# best in car air freshner



## onksy (Jun 27, 2006)

hi pple
ju
i would just like to ask as above what would you recommend as a good in car air freshner something thats lasts none of this cheap stuff that lasts 5 mins :newbie: cheers im using neutradol at the momonet just wandering what you pple on this forum use


----------



## steveo3002 (Jan 30, 2006)

yankee candles seem pretty good


----------



## ash_xt (Apr 22, 2007)

i use ambi-pur with the ocean air, i think it is.. and everybody alsways comments how nice my car smell.. especially a mans car... ha ha and its a refill one as well.


----------



## riz (Dec 17, 2006)

carplan purple bug thing


----------



## Detail My Ride (Apr 19, 2006)

CG New Car Smell, keep a little bottle in the door pocket, good spray around the care every 3-4 days your sorted 

Gaz


----------



## prelude_stan (Mar 30, 2007)

I always used to like vanilla fragrances but I got a bottle of CG Cherry air freshener the other day, even if it only lasts a few days, there is loads in the bottle and will last months, for only a fiver as well.


----------



## david g (Dec 14, 2005)

CG Watermelon reminds me of lying on a beach in spain , ola slice of watermelon sir ?


----------



## chron (Jun 1, 2007)

often use the "smiley face" air fresheners. hidden of course


----------



## Jay70 (May 21, 2007)

Ambipur. £3.29 in Halfords and lasts for ages. Lovely smell and can be refilled. Sits lovely on the air vents.


----------



## ash_xt (Apr 22, 2007)

Jay70 said:


> Ambipur. £3.29 in Halfords and lasts for ages. Lovely smell and can be refilled. Sits lovely on the air vents.

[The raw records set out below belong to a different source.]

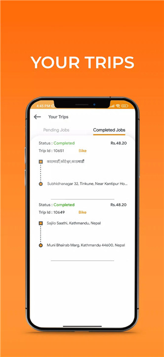 Keep tabs on your trip ratings, acceptance rate, and more. The Sajilo Rider app gives you full visibility into your performance to help you grow and earn better.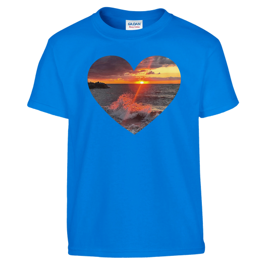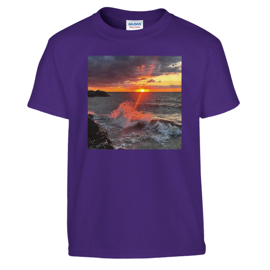 Classic Kids Crewneck T-shirt • "Fiery Splash at Avon Lake" • 6 dark color fabrics • 4 photo styles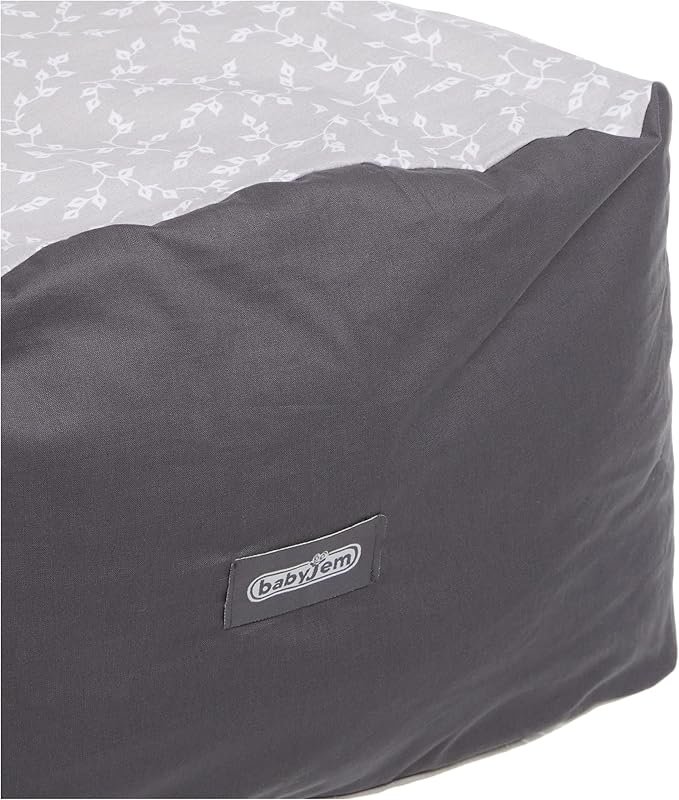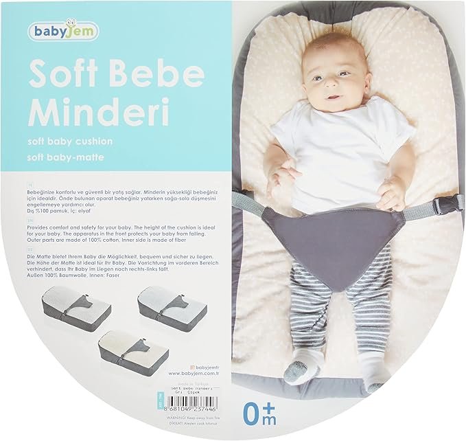 Give your baby a comfortable and safe lying down. The height of the cushion is ideal for your baby. The front attachment helps prevent your baby from falling right and left while lying down. Outer 100% cotton, Inner: fiber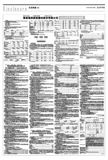 证券代码:002596 证券简称:海南瑞泽 公告编号:2016-025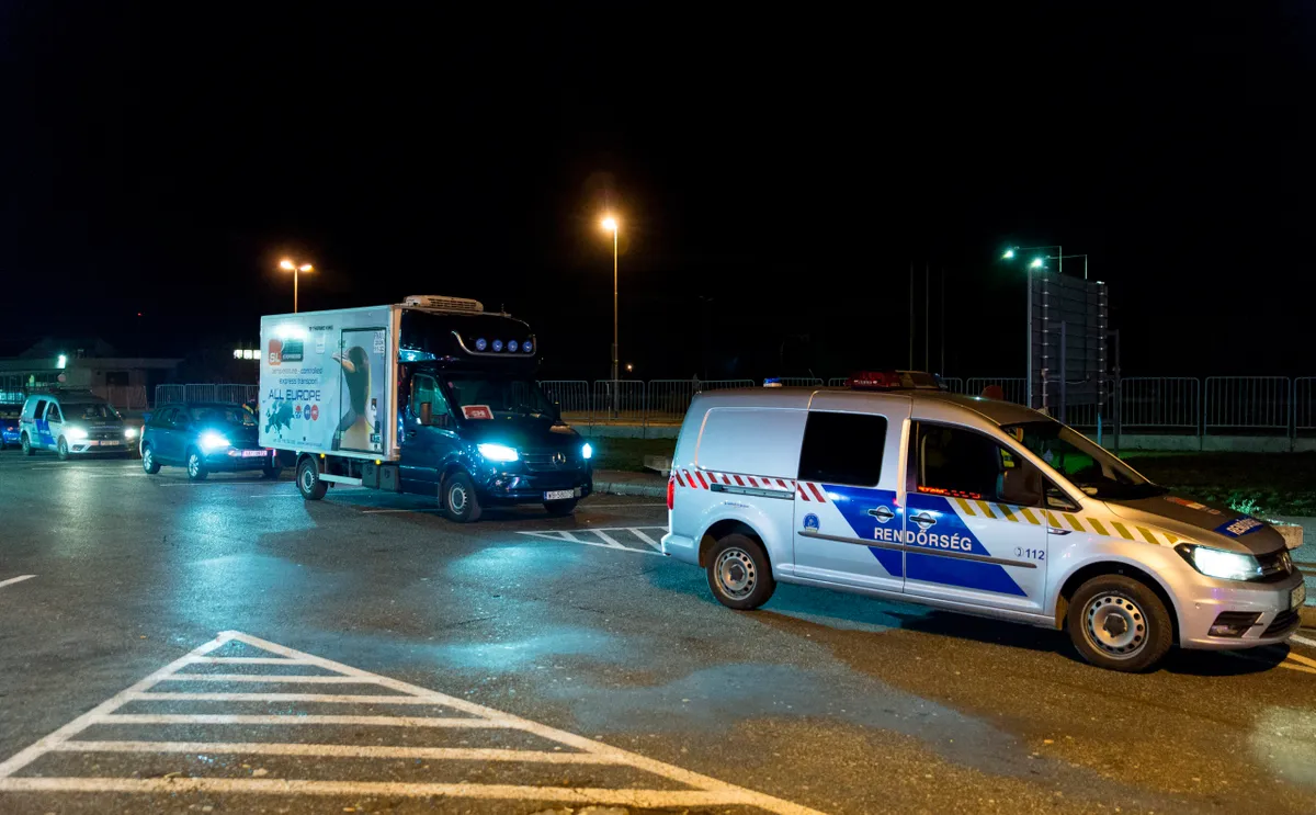 A hegyeshalmi átkelőről rendőri biztosítás mellett elsőként a Dél-Pesti Centrumkórházba szállítják a vakcinákat.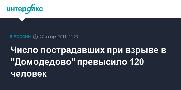 Москва. 27 января. INTERFAX.RU - По данным на 6:00 четверга, в клиники Москвы и Московской области госпитализировано 123 человека, пострадавших в результате теракта в "Домодедово" 24 января.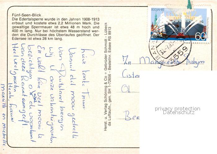 73130171 alte Postkarte Fuenfseen Fuenf-Seen-Blick Fliegeraufnahme postalisch gelaufen Erhaltung siehe scans [PaolaD17] KatCode: 11110013056076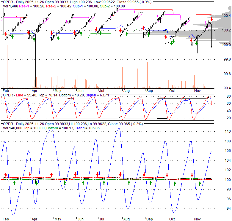 Price has closed below its short-term moving average. Short-term moving average is currently above mid-term; and below long-term moving average. From the relationship between price and moving averages: This stock is NEUTRAL in short-term; and NEUTRAL in mid-long term.[ OPER ] has closed below the lower bollinger band by 9.3%. If price is in a downtrend band; this downward trend might continue. However a short term pullback inside the band is likely. Bollinger Bands are 13.3% narrower than normal. The current width of the bands does not suggest anything about the future direction or movement of prices.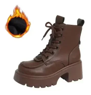 7CM New Winter Women Warm Snow Shoes Round Toe Chunky Heels Ankle Boots High Platform Leather Shoes for Women Combat Short Boots

thats the one i got and everybody loves the smell for some reason?!?


----------



## shane_ctr (Dec 17, 2006)

:thumb: cg cherry sent here:thumb:


----------



## Jay70 (May 21, 2007)

ash_xt said:


> thats the one i got and everybody loves the smell for some reason?!?


I think it's because it leaves a 'new car' smell. My car is 8 months old and still smells like a brand new car. Mind you, no eating, no smoking etc.


----------



## ash_xt (Apr 22, 2007)

Jay70 said:


> I think it's because it leaves a 'new car' smell. My car is 8 months old and still smells like a brand new car. Mind you, no eating, no smoking etc.


oh and don't laugh.... but i found the cheapest place for the refills.. is...... Body care!! havn't got a clue why they are in there but they are cheap  and i only go in there to get my hair wax if anybody is wondering.... ha ha


----------



## cleslie (Feb 19, 2006)

I find the leather smell from liquid leather is all I need. No good if you've not got leather seats of course!


----------



## Dodge (May 8, 2007)

Silly question but how do you apply the air freshner?

Do you just use a normal spray bottle with some of the liquid in?


----------



## Jay70 (May 21, 2007)

which one?


----------



## Tone (Oct 25, 2005)

steveo3002 said:


> yankee candles seem pretty good


I had one of the car jars (clean cotton i think) which smelt very nice and lasted a while. I'm now using the gel car jar (home sweet home) which everyone comments on when they enter the car.

I have quite a few spray fragrances but they don't last...


----------



## joe_0_1 (Apr 7, 2007)

Ive used the ambi pur, was impressed, but doesnt last so long  Im currently using a new car smell tree.... very impressed


----------



## SURFERROSA (Feb 7, 2007)

Tried CG New Scent, Leather, Cherry, watermelon ola right enough, coconut (neighbour kept it) and ABs Bubble gum.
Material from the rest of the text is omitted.